Ep. 77: Dr. Stuart Eisendrath — How to Improve Depression Treatment With Mindfulness Practice

My guest this week is psychiatrist Dr. Stuart Eisendrath, who specializes in mindfulness-based treatment of depression. We discussed his new book, When Antidepressants Aren’t Enough: Harnessing the Power of Mindfulness to Alleviate Depression (affiliate link), in which he describes the need for more effective depression treatments. Unfortunately millions of people find that medication alone fails to provide adequate relief from depression. In this episode you’ll hear Dr. Eisendrath describe the power of mindful awareness in the treatment of depression, and what led him and his team to adapt mindfulness-based cognitive therapy for the treatment of active depression.

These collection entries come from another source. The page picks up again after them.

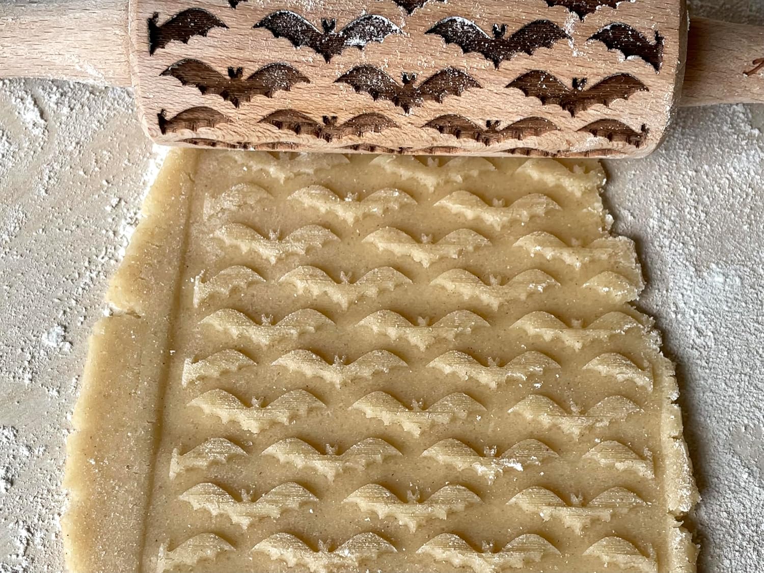 - COMFORTABLE DESIGN - This rolling pin with pattern is made with ergonomics in mind so that anyone can use its mesmerising designs! Rolling pin measures are approximately 9.5" (24 cm) from handle to handle, embossing part 4,5 inches (11 cm), diameter 2" (5 cm), made of beech wood. The finished product is food safe.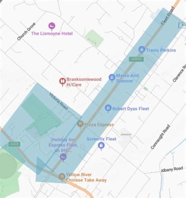The area covers Fleet Road from its junction with Kings Road in the north to Oatsheaf Crossroads in the south, across to Albert Street in the east.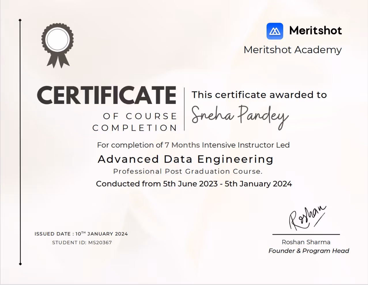 A: Yes. Upon completing the program, you’ll earn an official Meritshot Data Engineering Program Certificate & Microsoft azure data engineer certificate recognized by recruiters and hiring partners.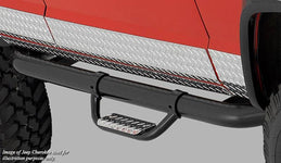 - Constructed of 3” round tube and black powder-coated, each bar acts as an entry step into the vehicle as well.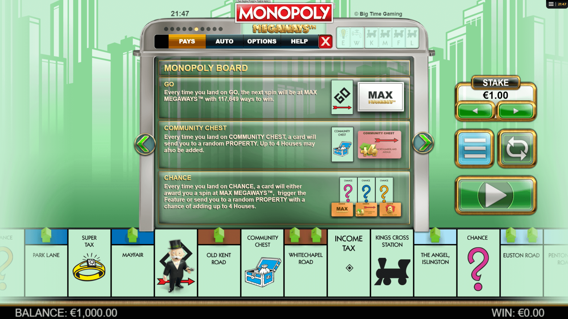Three features fuel the fun the most in base play: Chance cards, cascading wins and a guaranteed spin with 117,649 megaways upon landing on ‘Go’. I found them profitable on their own while I waited to enter the big-bucks round. I felt the cascading wins setup yielded more wins than, say, Gates of Olympus.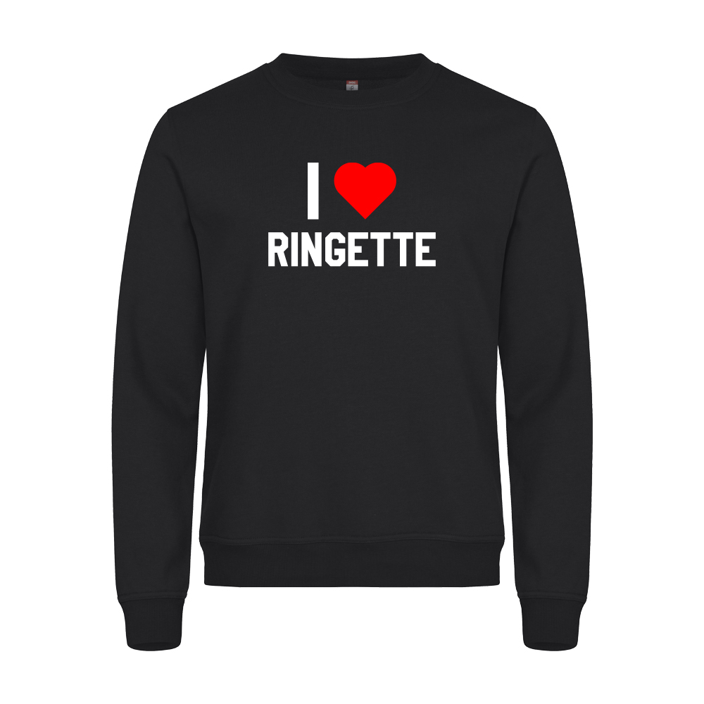 I love Ringette - collegepaita on mukava puuvillainen collari kaikille ringette-faneille ja pelaajille – treenimatkoille, hallille, koululle tai vapaa-aikaan.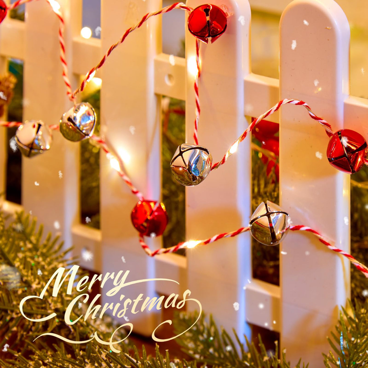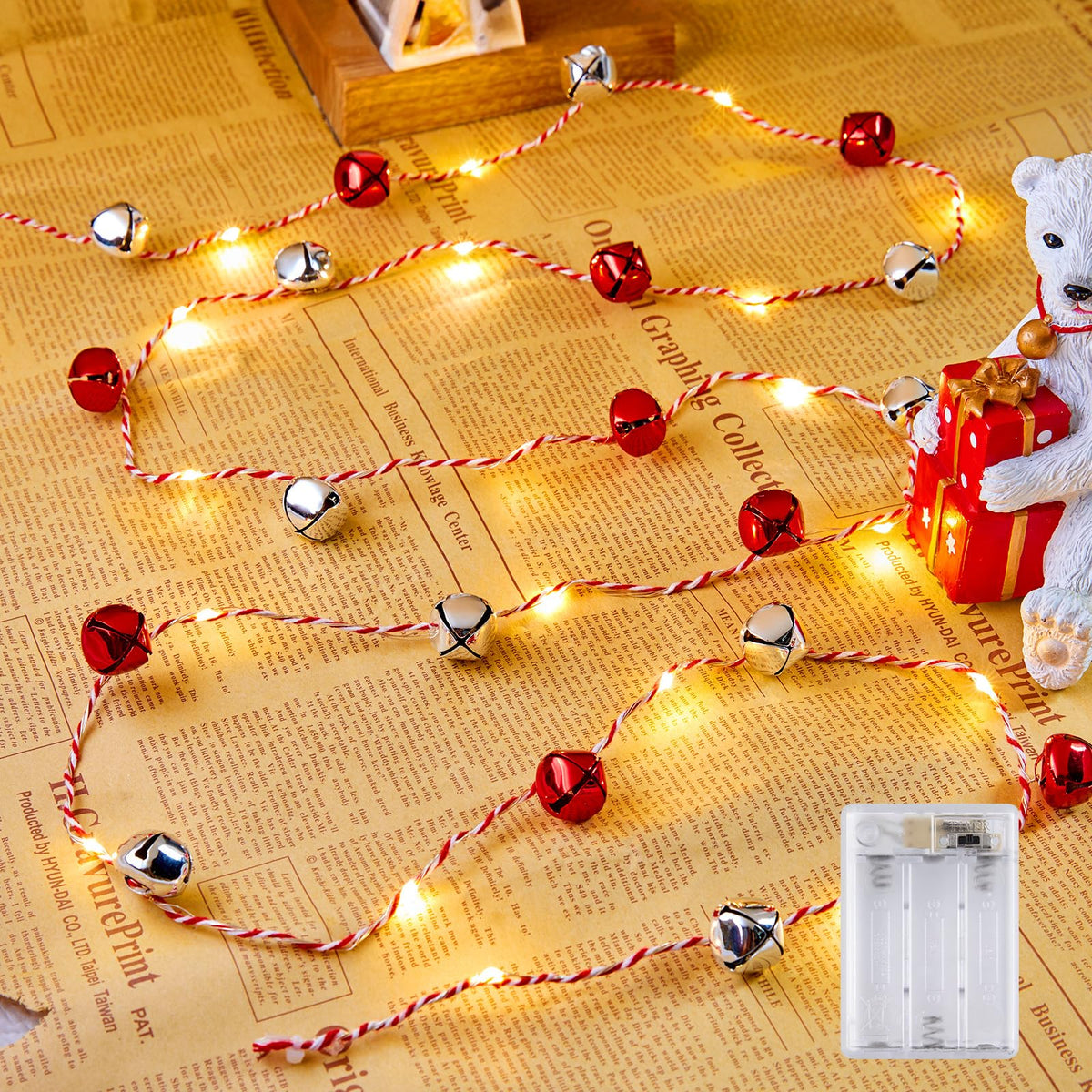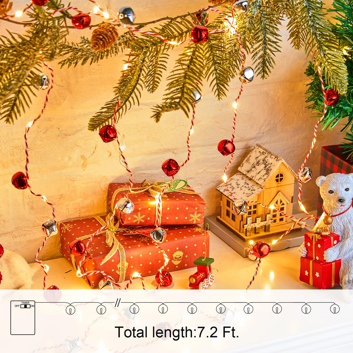 Christmas String Lights, 7.2Ft 20 Leds Battery Powered Jingle Bell Lights For Christmas Winter Festival Indoor, Xmas Tree, Fireplace, Gift Decor, Red/Silver Bells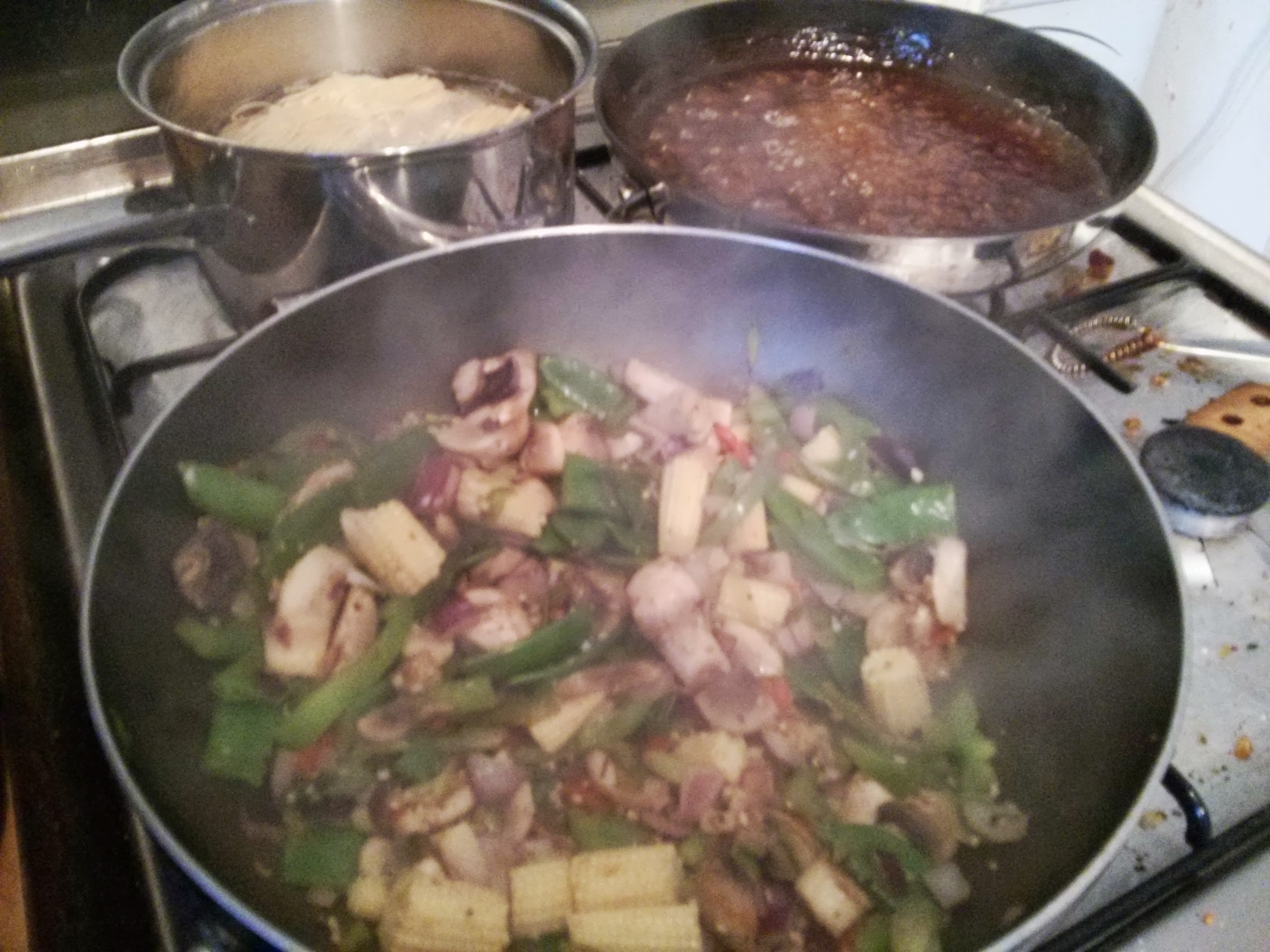 Given the success with the healthy makeover of sweet and sour chicken, I thought I’d try the same on crispy chilli beef. Basically as I’d already upped the chilli in the sweet & sour… I used exactly the same recipe on beef, but chopped the veg smaller and server with noodles!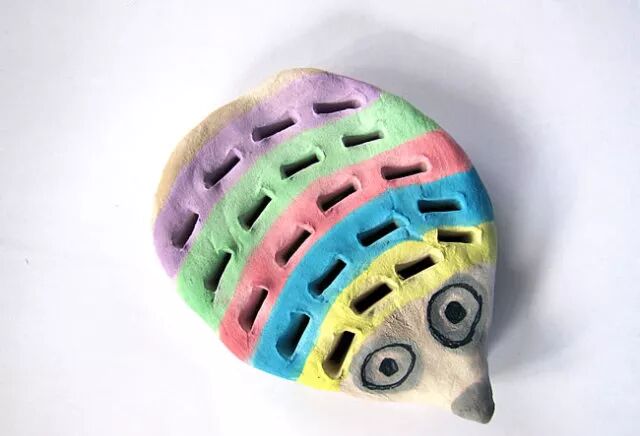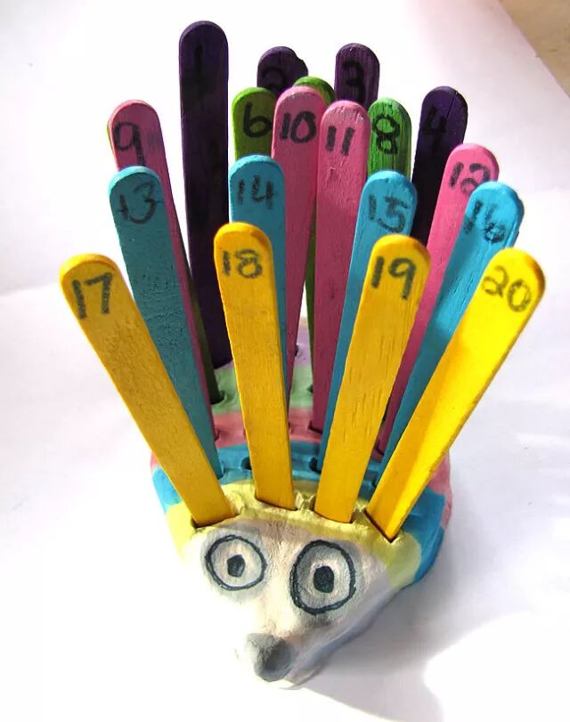 在刺猬背部准备20个插孔,每一排涂上与冰棒棍对应的颜色,用彩笔画出的眼睛和鼻子。它五颜六色、圆乎乎的模样有没有萌翻全场呢?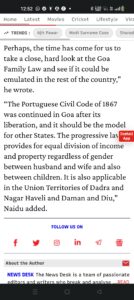 The candid addmission by Senior BJP leader Venkaiah Naidu former VP of India that the govt.wants the Portugese personal law all over India is hilarious as Modi PM had other day said one family cannot have two laws but here the entire country is to get foreign law of crusaders aimed to finish Islamic shariat the Quranic laws in civil matters.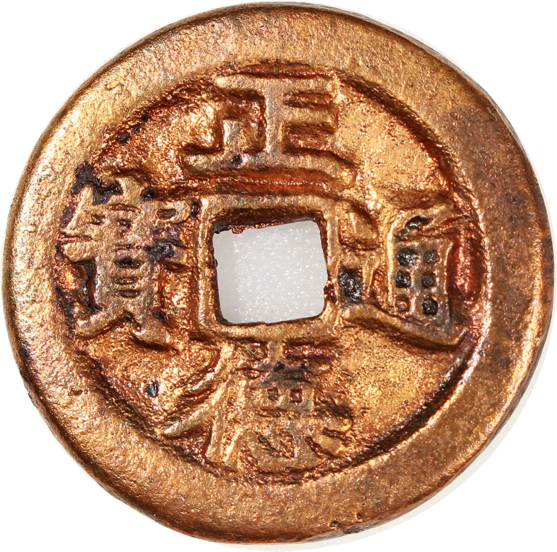 China: Qing Dynasty (1644-1911 CE), coin-like charm with square central hole, obverse inscribed 'Zheng de tong bao', reverse showing dragon and phoenix, 26.1*2.2mm, 7.0g.

There’s a lot to take from this conversation if you or someone you love is depressed and has struggled to find relief. For example, my guest explains what it means to develop a different relationship with our depression symptoms, and offers very helpful metaphors to illustrate mindful responses to depressing thoughts. Other topics we discussed included:

  • The results of the STAR*D depression treatment trial, showing that only about one-third of people with depression get adequate relief from medication alone
  • What it means to change one’s relationship with depression
  • The pioneering work of Zindel Segal and his colleagues in developing mindfulness-based cognitive therapy (MBCT)
  • What led Dr. Eisendrath and his team to modify MBCT to treat active depression
  • What major depression feels like
  • My guest’s own experience of depression
  • The downside of putting stories onto our pain, versus just observing and being with it
  • The formula of “Suffering = Pain x Resistance”
  • The fear of future suffering in depression
  • How to respond to thoughts like “I won’t be able to stand this”
  • Why mindfulness teachings often emphasize being more connected to our bodies
  • What “acceptance” means in mindfulness practice, and why it’s different from resignation
  • The effectiveness of different forms of mindfulness practice
  • The power of mindful walking
  • The importance of consistent practice in mindfulness
  • Examining thoughts mindfully
  • The effectiveness of simply noticing unhelpful thoughts, without generating alternative thoughts
  • Why our most compelling negative thoughts are the most likely to be false
  • How your mind is often not your friend when you’re depressed
  • Why your thoughts are often fake news
  • What decentering is and why it’s helpful

Click the link for Dr. Eisendrath’s free guided meditations.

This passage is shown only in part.